This is code movement out of nbd_internal_reset_size_and_flags(), OK.

>    if (h->opt_current == NBD_OPT_LIST_META_CONTEXT) {
>      assert (h->opt_mode);
>      assert (h->structured_replies);
> @@ -44,7 +47,7 @@ STATE_MACHINE {
>      }
>    }
> 
> -  assert (h->meta_contexts.len == 0);
> +  assert (!h->meta_valid);

OK, this is the new predicate that nbd_internal_reset_size_and_flags()
now ensures.

> 
>    /* Calculate the length of the option request data. */
>    len = 4 /* exportname len */ + strlen (h->export_name) + 4 /* nr queries */;
> @@ -194,8 +197,10 @@ STATE_MACHINE {
>        CALL_CALLBACK (h->opt_cb.completion, &err);
>        nbd_internal_free_option (h);
>      }
> -    else
> +    else {
>        SET_NEXT_STATE (%^OPT_GO.START);
> +      h->meta_valid = true;
> +    }
>      break;
>    case NBD_REP_META_CONTEXT:  /* A context. */
>      if (len > maxpayload)

IIUC, this modifies the NBD_REP_ACK handling for
NBD_OPT_SET_META_CONTEXT. IIUC we've consumed all the mappings, so we
can now set the witness to "OK". Seems OK.

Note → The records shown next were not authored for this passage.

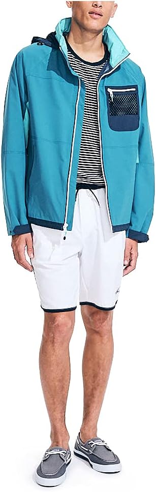 Fight the elements in this lightweight jacket with an athletic colorblock design. It features a concealed drawstring hood with mesh lining to keep you cool, and multiple pockets to keep your essentials safe and close at hand.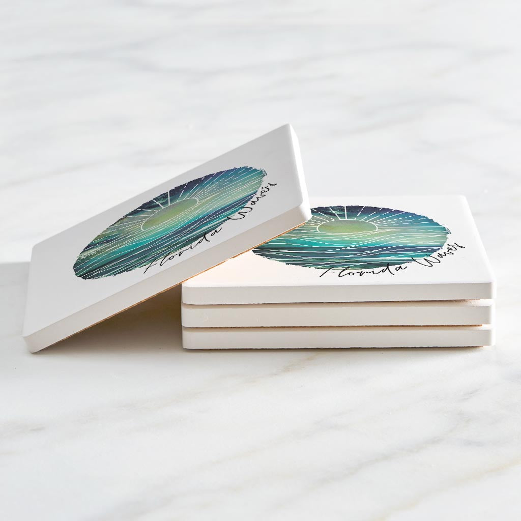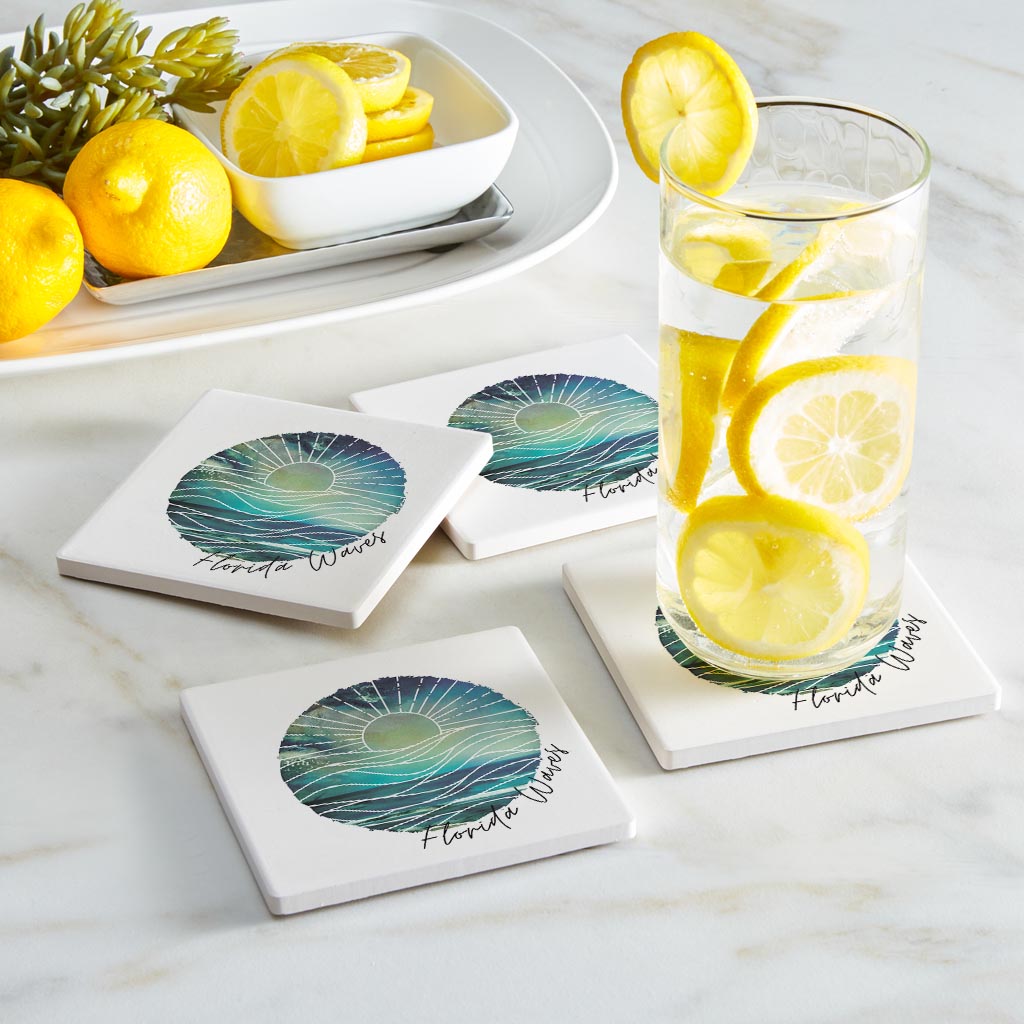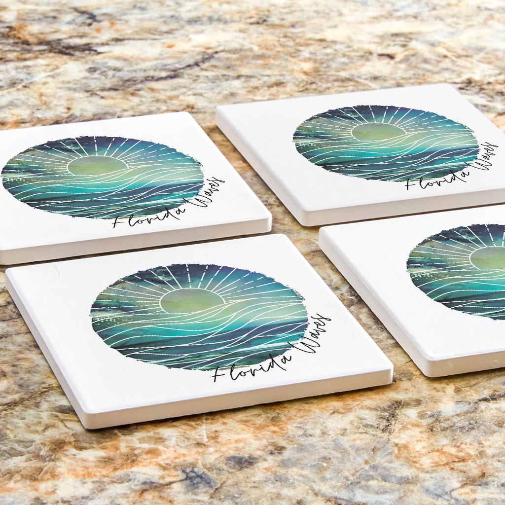 Florida Waves Blue Art| Absorbent Coasters | Set of 4 | Min 2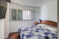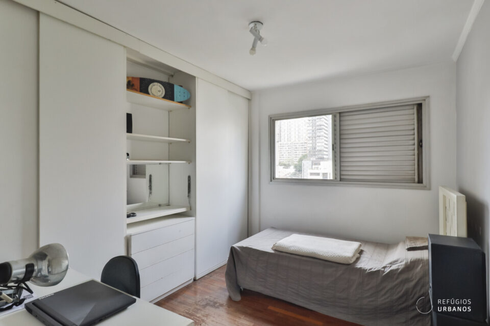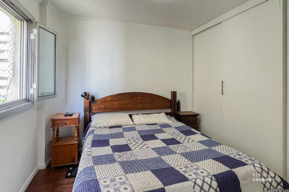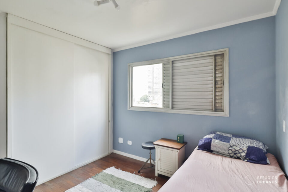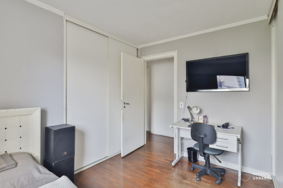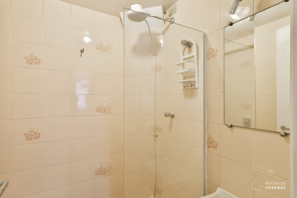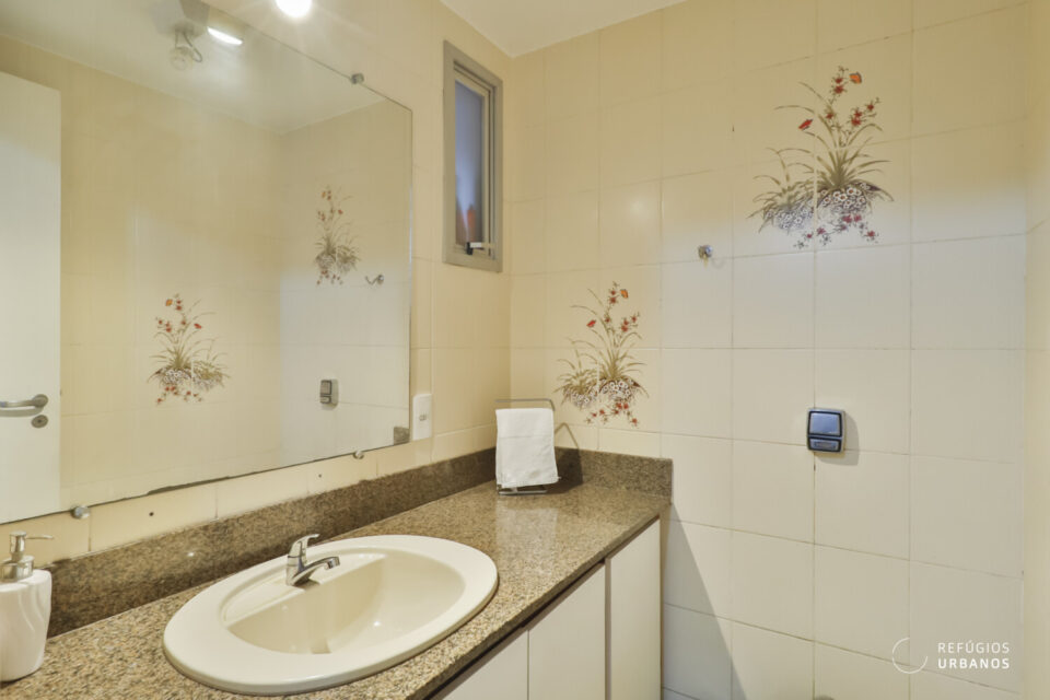 São três dormitórios, todos confortáveis e com armários embutidos. Entre eles, a suíte se destaca pelo banheiro, que preserva azulejos incríveis dos anos 80, criados em conjunto com a marca Valentino: um detalhe cheio de personalidade e charme.

> diff --git a/generator/states-reply-structured.c b/generator/states-reply-structured.c
> index aaf75b8..f18c999 100644
> --- a/generator/states-reply-structured.c
> +++ b/generator/states-reply-structured.c
> @@ -445,6 +445,7 @@ STATE_MACHINE {
>      assert (CALLBACK_IS_NOT_NULL (cmd->cb.fn.extent));
>      assert (h->bs_entries);
>      assert (length >= 12);
> +    assert (h->meta_valid);
> 
>      /* Need to byte-swap the entries returned, but apart from that we
>       * don't validate them.

This seems to express that we may only have initiated a block status
request (for which we are now processing the replies --
REPLY.STRUCTURED_REPLY.RECV_BS_ENTRIES) in case we had a valid meta
context list first. Seems plausible. (A bit lower down in the context,
not quoted, we "Look up the context ID" in the meta context vector, so
yes, very sensible assertion.)

> diff --git a/lib/flags.c b/lib/flags.c
> index 87c20ee..91efc1a 100644
> --- a/lib/flags.c
> +++ b/lib/flags.c
> @@ -37,9 +37,7 @@ nbd_internal_reset_size_and_flags (struct nbd_handle *h)
> 
>    h->exportsize = 0;
>    h->eflags = 0;
> -  for (i = 0; i < h->meta_contexts.len; ++i)
> -    free (h->meta_contexts.ptr[i].name);
> -  meta_vector_reset (&h->meta_contexts);

Moved to NEWSTYLE.OPT_META_CONTEXT.START; OK.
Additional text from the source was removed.